→ Exercise brief: Reproduce each line of the following material exactly, omitting the images.
Stored data START
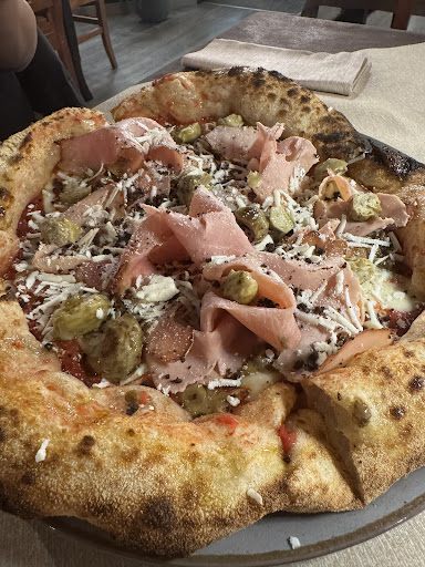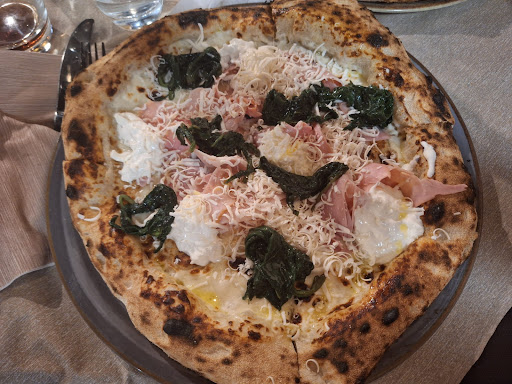 Iniziamo dal locale, l'esterno si presenta più come un negozio isolato un garage anche se di passaggio ed in mezzo al nulla sulla statale 106, non esattamente il massimo, l'interno abbastanza curato ma con una sala unica e non insonorizzate. Esci con il mal di testa come dopo essere stato in discoteca. Bello ad effetto il bancone pizza con pizzaiolo e forno. Patatine fritte buonissime e abbondanti. Stuzzicheria meno. Coca cola marca italiana imbevibile sapeva di medicina ma hanno solo quella. Le pizze sono fatte sia tipo Napoletana che Romana bassa croccante. Noi le abbiamo assaggiate entrambe. Impasto molto buono per tutte e due anche se a mio personale parere la romana croccante è strepitosa, complimenti davvero. La Napoletana è molto buona ma è la solita che fanno ormai dappertutto. La qualità degli ingredienti è molto alta e commisurata comunque al prezzo della pizza. I gusti e gli assemblaggi degli ingredienti non mi sono affatto piaciuti, grande delusione. Il culatello ad esempio è davvero straordinario e si sente non è il solito crudo del discount...le zucchine alla scapece sulla pizza erano immangiabil, la polvere di olive idem ecc.ecc. La Margherita dei bambini è stata la cosa più buona. Non capisco perché si cerca di storpiare un prodotto potenzialmente ottimo con la ricerca di sta pizza gourmet, fatta da uno chef magari, che sinceramente ha stancato, soprattutto se rivisitata in maniera estrema. La semplicità molte volte è la cosa più buona e allo stesso tempo più difficile da realizzare...in bocca al lupo...forse torneremo ma solo per la Margherita e...
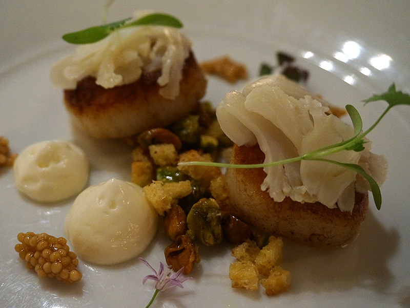 Piccolo: Seared Sea Scallops Published July 22, 2014, 14:36 at 800 × 600 in Piccolo: Seared Sea Scallops Third Course Seared Sea Scallops with pickled cauliflower, mustard seed and pistachio/brioche crumble. This was mine. There’s not a whole lot more to say about this other than that it was perfectly composed and balanced.
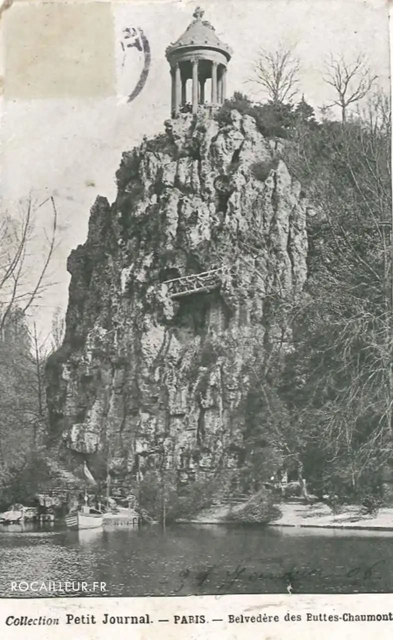 The defining feature of the park is the small island protruding from the center of a man-made lake (waterscaping was also a new technology of the time). The entire cliffside of the island was artificially shaped by rocailleurs with concrete, and then covered with tonnes of dirt to allow vegetation to begin growing again in the new park.
Stored data END
→ The completed task:
 Iniziamo dal locale, l'esterno si presenta più come un negozio isolato un garage anche se di passaggio ed in mezzo al nulla sulla statale 106, non esattamente il massimo, l'interno abbastanza curato ma con una sala unica e non insonorizzate. Esci con il mal di testa come dopo essere stato in discoteca. Bello ad effetto il bancone pizza con pizzaiolo e forno. Patatine fritte buonissime e abbondanti. Stuzzicheria meno. Coca cola marca italiana imbevibile sapeva di medicina ma hanno solo quella. Le pizze sono fatte sia tipo Napoletana che Romana bassa croccante. Noi le abbiamo assaggiate entrambe. Impasto molto buono per tutte e due anche se a mio personale parere la romana croccante è strepitosa, complimenti davvero. La Napoletana è molto buona ma è la solita che fanno ormai dappertutto. La qualità degli ingredienti è molto alta e commisurata comunque al prezzo della pizza. I gusti e gli assemblaggi degli ingredienti non mi sono affatto piaciuti, grande delusione. Il culatello ad esempio è davvero straordinario e si sente non è il solito crudo del discount...le zucchine alla scapece sulla pizza erano immangiabil, la polvere di olive idem ecc.ecc. La Margherita dei bambini è stata la cosa più buona. Non capisco perché si cerca di storpiare un prodotto potenzialmente ottimo con la ricerca di sta pizza gourmet, fatta da uno chef magari, che sinceramente ha stancato, soprattutto se rivisitata in maniera estrema. La semplicità molte volte è la cosa più buona e allo stesso tempo più difficile da realizzare...in bocca al lupo...forse torneremo ma solo per la Margherita e...
 Piccolo: Seared Sea Scallops Published July 22, 2014, 14:36 at 800 × 600 in Piccolo: Seared Sea Scallops Third Course Seared Sea Scallops with pickled cauliflower, mustard seed and pistachio/brioche crumble. This was mine. There’s not a whole lot more to say about this other than that it was perfectly composed and balanced.
 The defining feature of the park is the small island protruding from the center of a man-made lake (waterscaping was also a new technology of the time). The entire cliffside of the island was artificially shaped by rocailleurs with concrete, and then covered with tonnes of dirt to allow vegetation to begin growing again in the new park.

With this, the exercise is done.